Revue de presse :
In her engaging and ultimately sad biography of Norman Rockwell, Deborah Solomon fills in the partly known life of one of America's most famous and popular illustrator-artists . . . Ms. Solomon's book fully justifies a fresh look at his life. An art critic and author of biographies of Joseph Cornell and Jackson Pollock and a frequent contributor to The New York Times, she offers something new, entertaining and disturbing. Her challenge was to explain a life utterly different from Rockwell's humorous and optimistic paintings. She has told his story with a breadth of facts and narrative finesse. It is a revelation. --John Wilmerding, The New York Times Deborah Solomon has created a biography as vivid and touching as a Rockwell interior. This is the definitive biography of an American master who came in through the back door. --Steve Martin, author of An Object of Beauty American Mirror is a masterpiece--vivid, forthright and insightful.

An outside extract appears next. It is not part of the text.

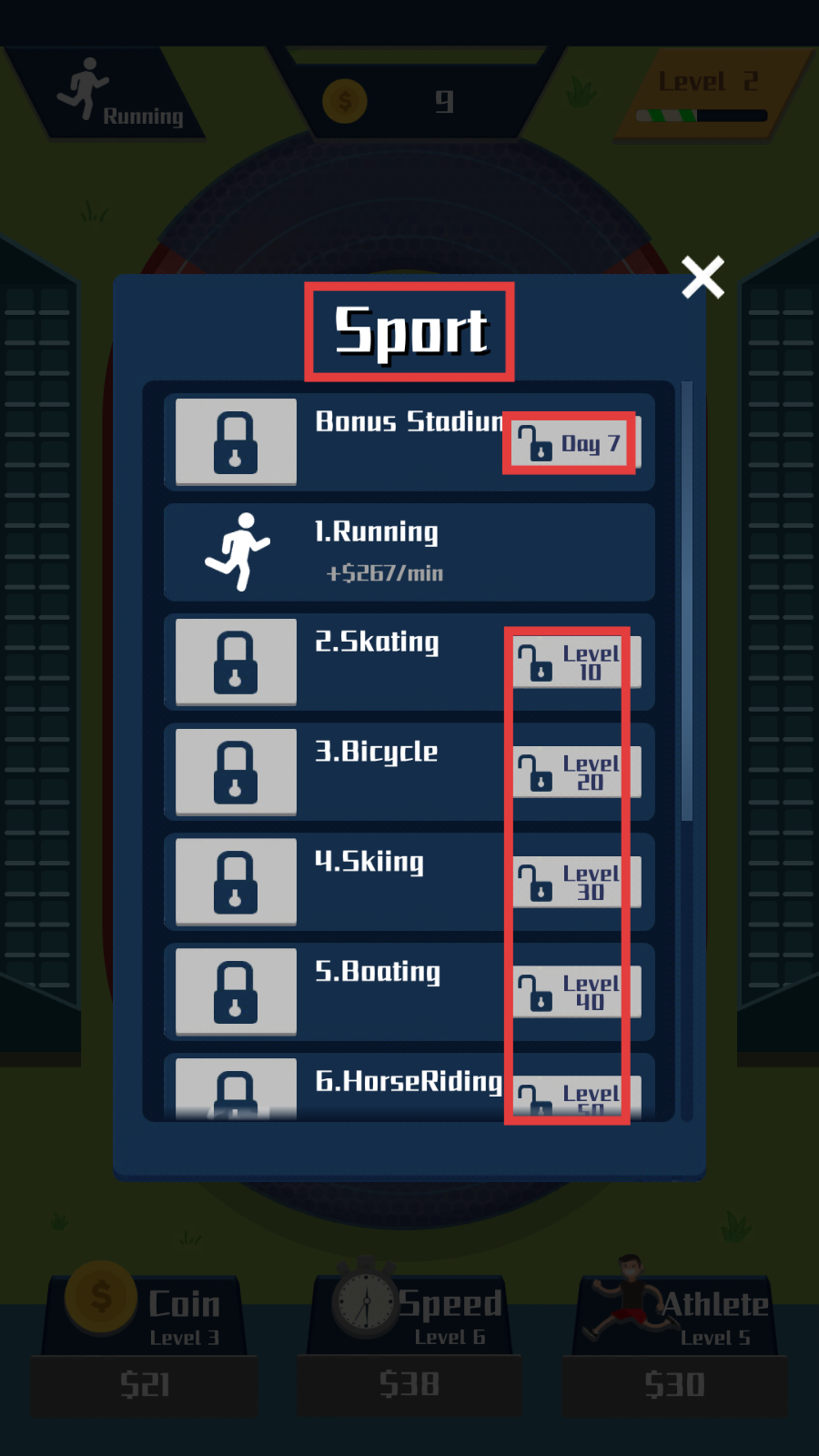 2、进入【Sport】界面,留意项目解锁条件(如【Day-7】【Level-10】),规划解锁节奏。
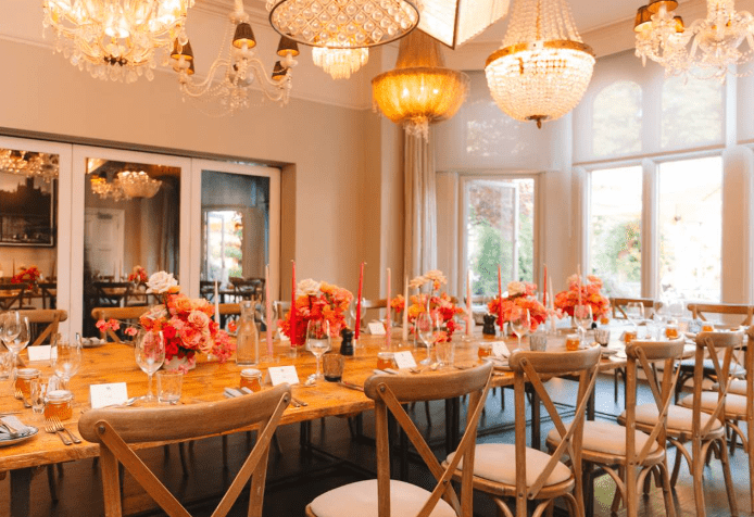 With a selection of wonderfully unique event spaces, inside and out, Homewood can tailor your big day to suit your style and personality. The flexible restaurant comes with easy access to the garden and can be configured into three – Chandelier, Plate or Flower – unique rooms for you to choose from, or there’s an elegant marquee if you are wanting an outdoor affair.

Through superb research and keen interpretation, Deborah Solomon tells the story of an artist so many thought they knew well, and perhaps did not know at all. An epic achievement. --Laurie Norton Moffatt, director of the Norman Rockwell Museum Norman Rockwell turns out not to have lived in the America he invented, the republic of station wagons, Santa Claus, and good citizenship. Deborah Solomon offers up a textured portrait of the man who carried no pictures of his family and never met a therapist he didn't like. Solomon masters foreground, background, and middle ground in this taut, beautifully written biography. --Stacy Schiff, author of Cleopatra: A Life and winner of the Pulitzer Prize for Biography Norman Rockwell remains our country's most beloved, most reviled, and most misunderstood painter. In American Mirror, Deborah Solomon tells his remarkable story with uncommon intelligence and grace.Roz Chast --Various
Présentation de l'éditeur :
Norman Rockwell, as much as Walt Disney or Ronald Reagan, provided America with a mirror of its dreams and aspirations. As the star illustrator for The Saturday Evening Post for nearly half a century, Rockwell portrayed a fantasy of civic togetherness, of American decency and good cheer. Or, as Deborah Solomon writes in her authoritative new biography, he painted a history of the American people that had never happened. Who was Norman Rockwell? Behind the folksy, pipe-smoking facade lay a surprisingly complex figure-a lonely man all too conscious of his inadequacies. Solomon describes him as an obsessive personality who wore his shoes too small, washed his paintings with Ivory Soap, and relied on the redemptive power of storytelling to stave off depression. He wound up in treatment with Erik Erikson, the influential psychotherapist. American Mirror draws on unpublished papers to explore the relationship between Rockwell's anguished creativity and his genius for reflecting American innocence. The thrill of his work, writes Solomon, is that he was able to use the commercial form of magazine illustration to thrash out his private obsessions. In American Mirror, Solomon, a biographer and art critic, trains her perceptive eye on both the art and the man. She also brilliantly chronicles the visual history of American journalism and the battle pitting photography against illustration.